WASHINGTON, Dec 12 (Reuters) - The United States on Monday imposed sanctions on the son of Zimbabwean President Emmerson Mnangagwa, several other Zimbabwean nationals and two entities, as part of Washington's efforts to address corruption in the country.
The move comes the day before the start of the U.S.-Africa Leaders Summit in Washington, when U.S. President Joe Biden will meet presidents of African countries.
The U.S. Treasury Department in a statement said Monday’s move imposed sanctions on four Zimbabwean nationals and two entities it accused of being tied to businessman Kudakwashe Tagwirei, who was designated by Washington in 2020 for providing support to the leadership of Zimbabwe.
The Treasury has accused Tagwirei of using his relationship with Zimbabwe officials to gain state contracts and receive favored access to hard currency, including U.S. dollars, and in turn has provided items, including expensive cars, to senior officials of the country.
“Since former Zimbabwe President Robert Mugabe’s 2017 departure, Tagwirei used a combination of opaque business dealings and his ongoing relationship with President Mnangagwa to grow his business empire dramatically and rake in millions of U.S. dollars,” the statement read.
Washington on Monday said Emmerson Mnangagwa, Jr., the president’s son, has been in charge of the president’s business interests related to Tagwirei.
The president is also under U.S. sanctions.
Also hit with sanctions were Sandra Mpunga, Nqobile Magwizi, Fossil Agro, Fossil Contracting, and Obey Chimuka, for their ties to Tagwirei and his company, Sakunda Holdings.
Zimbabwe’s embassy in Washington did not immediately respond to a request for comment.

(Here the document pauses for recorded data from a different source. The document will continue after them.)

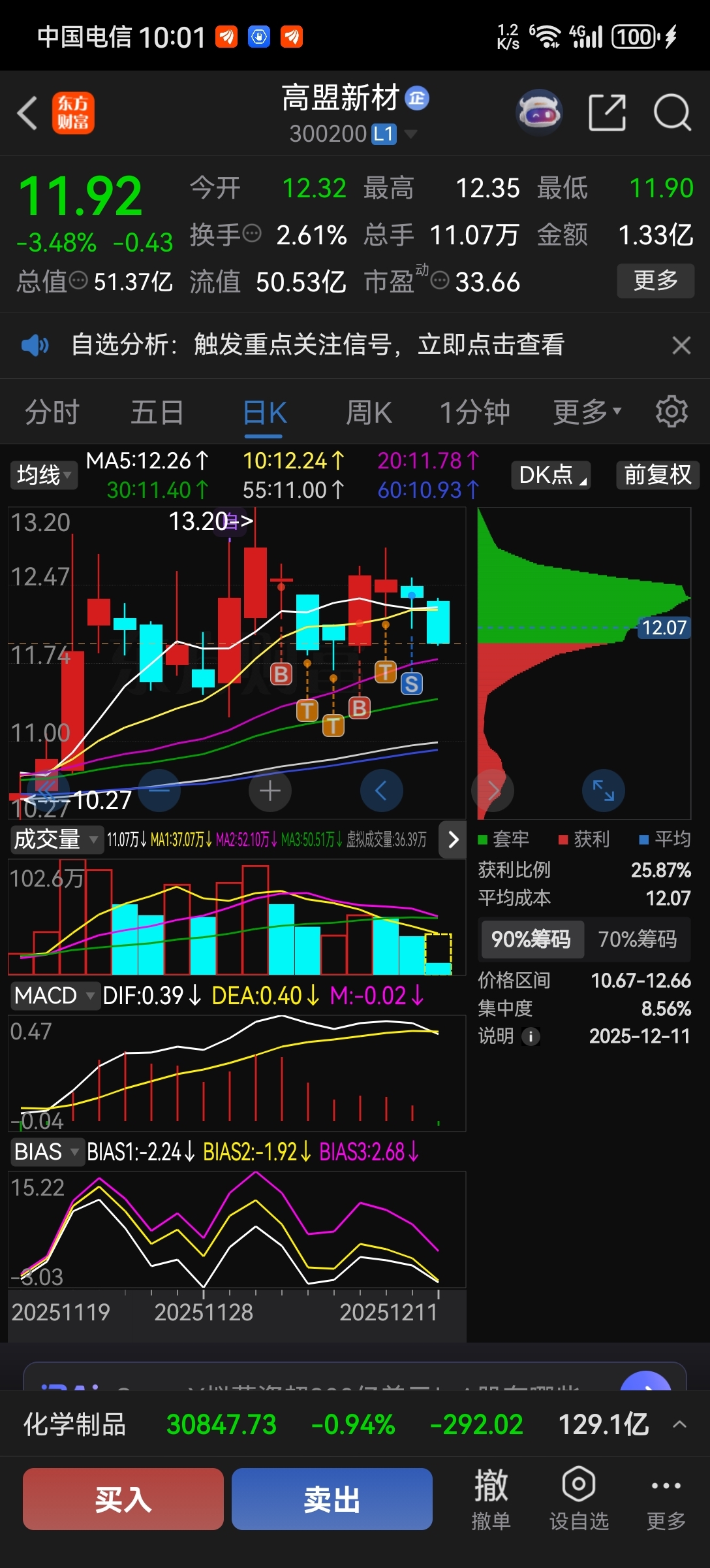$高盟新材(SZ300200)$ 昨天不割的话今天又特么埋我
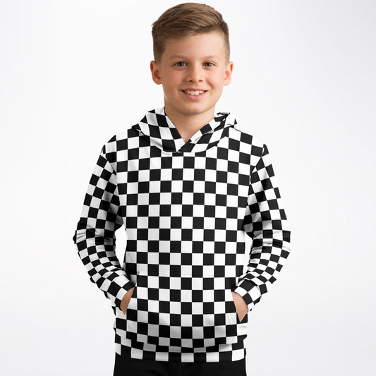 Checkered Kids Pullover Hoodie, Black White Check Girls Boy Toddler Youth Children Fleece Graphic Cozy Cotton Hooded Sweatshirt Pockets
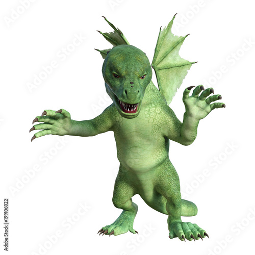 © photosvac, Obraz premium 3D Rendering Fantasy Hatchling Dragon on White
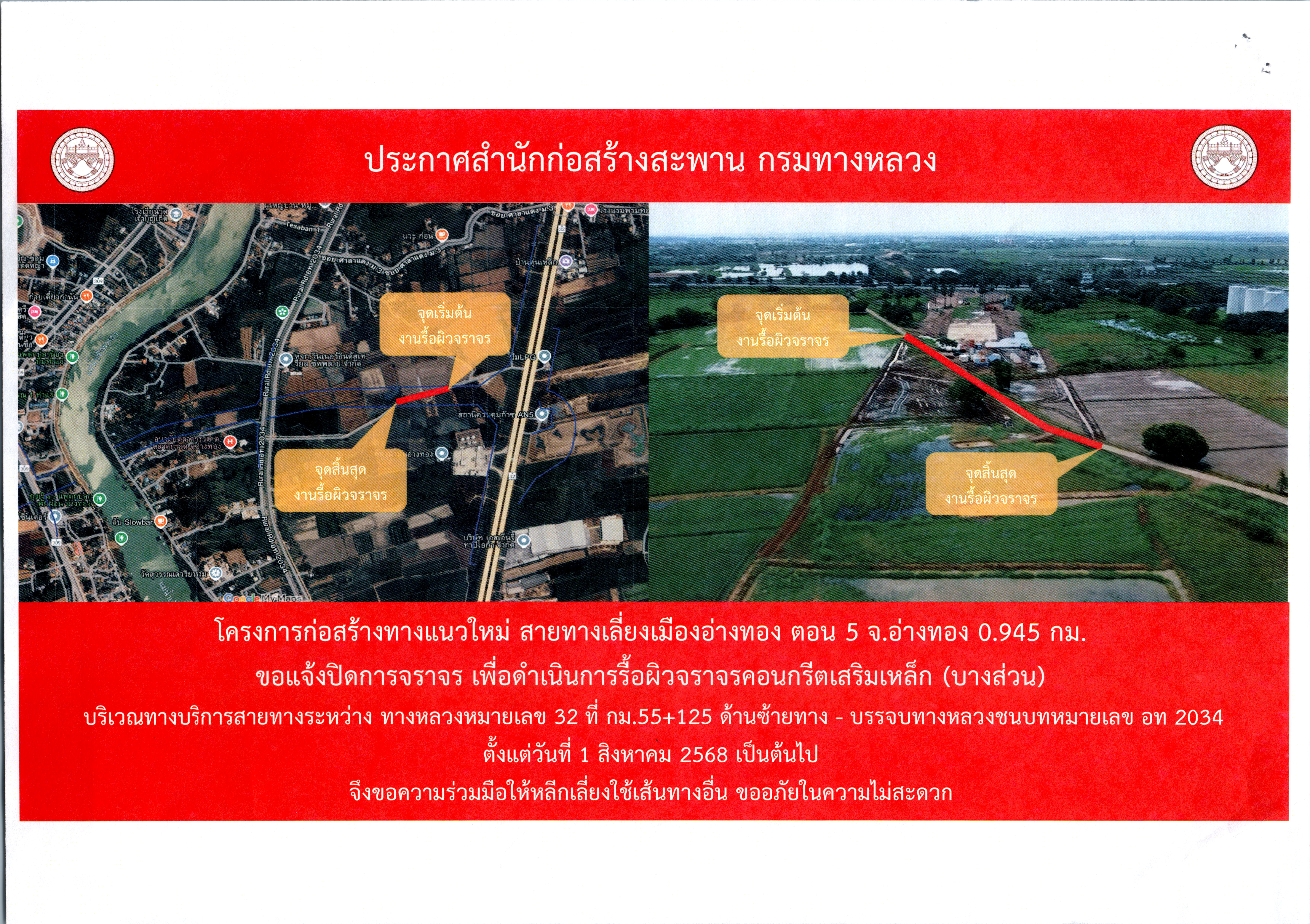 ประชาสัมพันธ์ แจ้งปิดการจราจร เพื่อดำเนินการรื้อผิวจราจรคอนกรีตเสริมเหล็ก (บางส่วน) บริเวณทางหลวงหมายเลข 32 ที่ กม.55+125 ด้านซ้ายทาง - บรรจบ ทางหลวงชนบทหมายเลข อท 2034 ตั้งแต่วันที่ 1 สิงหาคม 2568 เป็นต้นไป
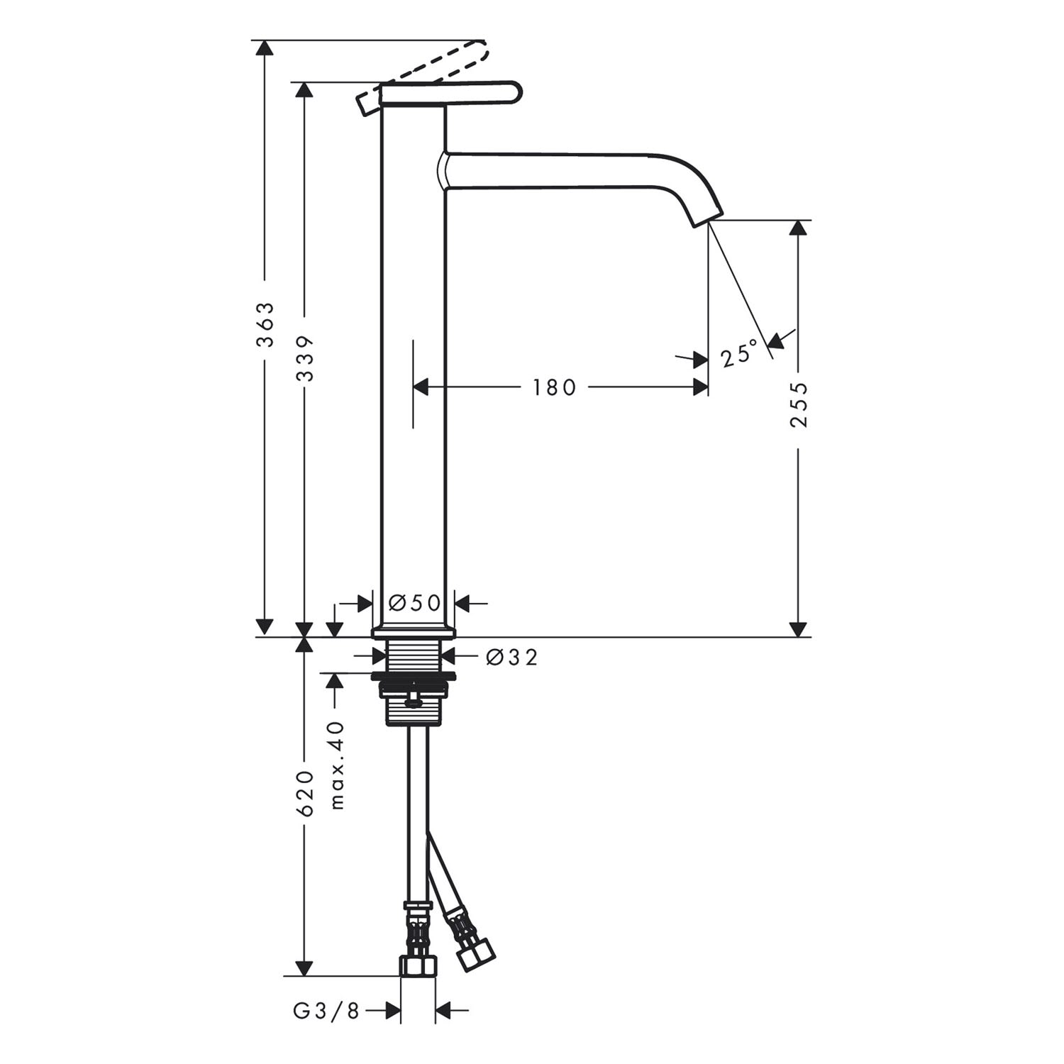 - Anschlussart: G 3/8 Anschlussschläuche
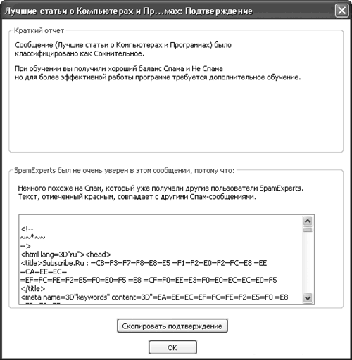 Теперь, получив команду о доставке почты, клиент соединится с WinAntiSPAM, который, в свою очередь, подключится к почтовому серверу и начнет закачку заголовков. Эксперт по борьбе со спамом SpamExperts HomeЯ стараюсь описывать бесплатные продукты, так как не каждый пользователь имеет возможность купить лицензию. К тому же часто такая покупка связана с трудностями, так как используемые на Западе системы денежных расчетов не всегда любят наших. Я долго думал, какую систему выбрать, чтобы она боролась со спамом, была локализована, понятна в настройках и использовании и при этом бесплатна. Обучаемая система для борьбы со спамом SpamExperts Desktop поддерживает работу с любыми почтовыми клиентами, может получать почту по протоколам POP3 и IMAP, в том числе и по защищенным соединениям. Она корректно работает с кириллицей, ее интерфейс приятен и прост. Программа платная, но после 30 дней тестового периода, если лицензия не куплена, она автоматически становится бесплатным вариантом SpamExperts Desktop Limited version. Версия Limited имеет ограничения по количеству заблокированных и разрешенных адресов, отсутствие сканирования почты на вирусы и технической поддержки, однако ее функциональности достаточно для большинства домашних пользователей. Домашняя страница, где можно получить последнюю информацию и скачать продукт, – http://www.spamexperts.com/ru/. После установки программы потребуется перезагрузка компьютера. Программа SpamExperts после установки не требует никаких настроек и будет автоматически перехватывать все попытки соединения с почтовыми серверами и заносить информацию в список, о чем пользователь будет предупрежден с помощью всплывающего сообщения. Вам не нужно будет делать это вручную: SpamExperts будет периодически проверять наличие новой почты и выводить сообщение при ее обнаружении. Об активности программы свидетельствует значок в области уведомлений. Он может быть двух видов: обычный (программа в режиме ожидания) и подсвеченный красным (идет проверка почты). Основное окно программы показано на рис. 8.11. ![]() Рис. 8.11. Основное окно программы SpamExperts Никакие настройки в почтовом клиенте делать не нужно, вы просто запускаете его и получаете почту. SpamExperts требуется некоторое время на обучение, но постепенно он будет все меньше ошибаться. Полученные сообщения автоматически распределяются по трем группам: • Не Спам – сюда помещаются письма, признанные не спамом; • Сомнительные – SpamExperts еще не собрал достаточную статистику, чтобы однозначно идентифицировать категорию; • Спам – сюда помещаются письма, оцененные как спам. Когда SpamExperts допускает ошибку или не уверен в классификации, вы должны самостоятельно изменить категорию, с помощью кнопки мыши или контекстного меню перетащив письмо на соответствующую кнопку. Когда вы переносите сообщение из папки Спам в Не Спам, оно будет доставлено в ваш почтовый клиент. Когда обучение прошло 10 нормальных сообщений и 10 сообщений спама, автоматизируется самообучающийся фильтр, и программа сможет самостоятельно классифицировать большинство писем. По щелчку на сообщении правой кнопкой мыши появляется контекстное меню, с помощью которого можно переместить сообщение в другую категорию, а почтовый адрес корреспондента занести в «белый» или «черный» список. «Белый» список адресатов формируется путем выбора пункта меню Добавить отправителя в с
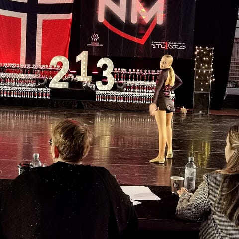 Dansekostyme for dame, one piece I svart og burgunder. Kostymet har lange ermer i gjennomsiktig mesh og partier i tett stoff. Den øvre delen har rund hals og innfelte felt i kontrastfarger, mens den nedre delen har én burgunder og én svart ben-del. Ryggen er åpen med feste oppe ved nakken. Egnet til sceneframføring, konkurranser eller trening innen dans og scenekunst.
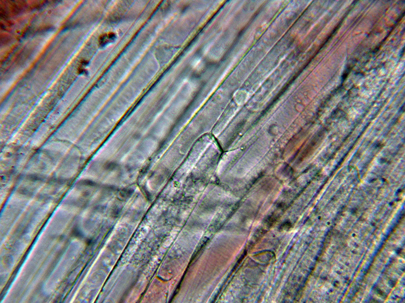 Suprapellis con una capa de hifas globosas inmersas en una sustancia amorfa con muy numerosas digitaciones, algunas de ellas ramificadas, también pude observar algunas hifas vesiculosas con digitaciones.
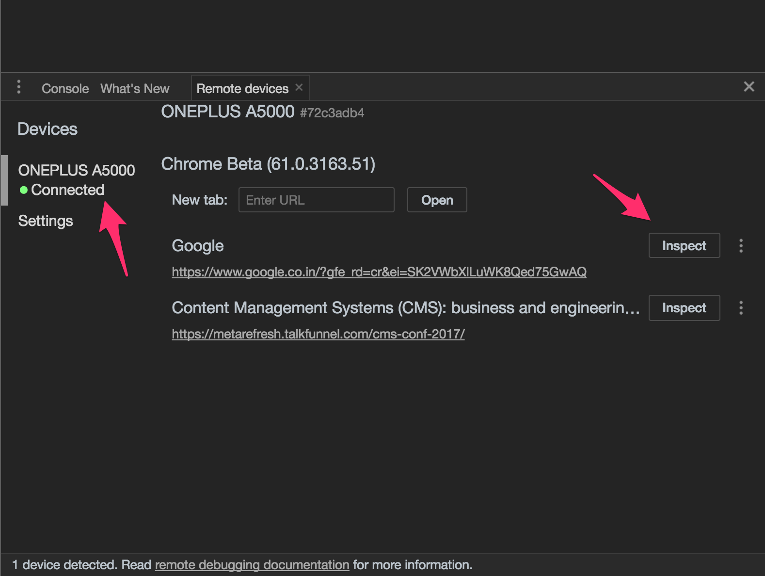 - Click on your device name in the chrome developer tools on your computer. It should list the different tabs that you’ve got open on your mobile device. Click on the Inspect button for the tab you want to debug.

“We urge the Zimbabwean government to take meaningful steps towards creating a peaceful, prosperous, and politically vibrant Zimbabwe, and to address the root causes of many of Zimbabwe’s ills: corrupt elites and their abuse of the country’s institutions for their personal benefit,” the Treasury’s under secretary for terrorism and financial intelligence, Brian Nelson, said in the statement.
Monday’s move freezes any U.S. assets of those designated and generally bars Americans from dealing with them.